П.Ф. – При Польше мы имели несколько партий – в нашем селе особенно много было радикалов (членов Украинской социалистическо-радикальной партии – прим А.И.). Это были умные люди, авторитетные – собирались, устраивали какие-то свои вечеринки, говорили: «Организовываем чайный вечер». Устраивали лотереи, ходили по домам, люди что могли, то давали на приз. Просвещением занимались – читали стихи, преподавали историю. Оуновцы тоже были у нас, но я о них в то время не слышал. Коммунистов помню, хотя их у нас было немного. Как-то приехал брат Ярослава Галана, поселился в селе, еще при Польше здесь умер и здесь похоронен на кладбище. Говорил людям, что он из России. Приезжал сам Галан, агитировал за Советский Союз – рассказывал, что там так хорошо, и знаете, кое-кто ему верил. Жил тут у одного хозяина, на его дочери женился, а потом отправил ее в Союз, и там ее расстреляли. Об этом всем мы узнали позже, потому что тогда информации о Советском Союзе не имели – что там голод, что там нечего есть. У нас никто об этом не знал ни в 32-м году, ни в 33-м.

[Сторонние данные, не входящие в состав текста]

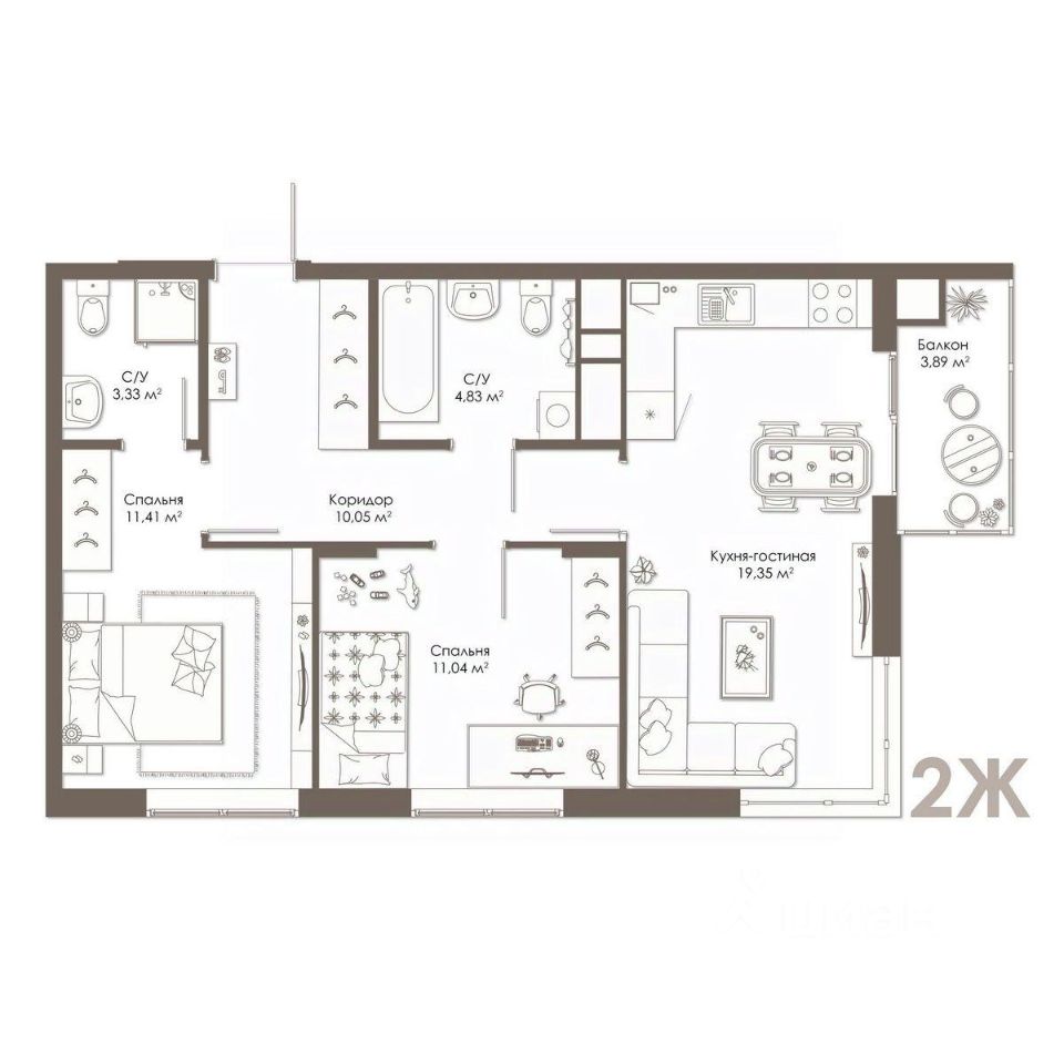 2-комнатная квартира в новом доме комфорт-класса в семейную ипотеку под 4,6%.

В 1932 году я пошел в первый класс, до прихода советов окончил пять классов, а потом не пошел в школу, потому что папа уже ничего не посылал – когда пришла советская власть, мы потеряли с ним связь. В 1940 году я пошел на работу – работал в лесу. И садил лес, и рубил лес – все приходилось делать в четырнадцать лет. Тяжело работал, но что ж – надо было жить. И зимой работали – и в мороз, и в снег.
А.И. – Как здесь встречали советские войска?
П.Ф. – Помню, что когда подходила Красная Армия, в селе некоторые говорили: «Это украинская армия идет!» Это потом советы показали, какие они и кто они... А в начале их встречали неплохо.
А.И. – Как изменилась жизнь в селе после прихода советской власти?
П.Ф. – Да для меня ничего не изменилось... Советскую власть я на себе не почувствовал, потому что еще маленький был. Приезжали к нам политруки, агитировали, рассказывали, что в СССР все есть, что там люди хорошо живут. Выселили пару семей из села. Тут немного выше моей хаты жил человек, который был войтом при Польше – забрали. Фамилию он имел Уруский, а как его имя, я не припомню.
Когда началась война, я работал в Надворнянском районе в лесу. Там меня застала война, и оттуда разошлись люди по домам. Пришел я домой и уже дома жил, работал по хозяйству.
В Нижний Березов зашли мадьяры вместе с немцами – все это прошло спокойно. Вообще я не могу сказать, что мадьяры здесь делали что-то плохое. А в Печенежинском районе они в 1942 году сожгли село Слобода Рунгурская и людей выбили за то, что подпольщики убили кого-то из них.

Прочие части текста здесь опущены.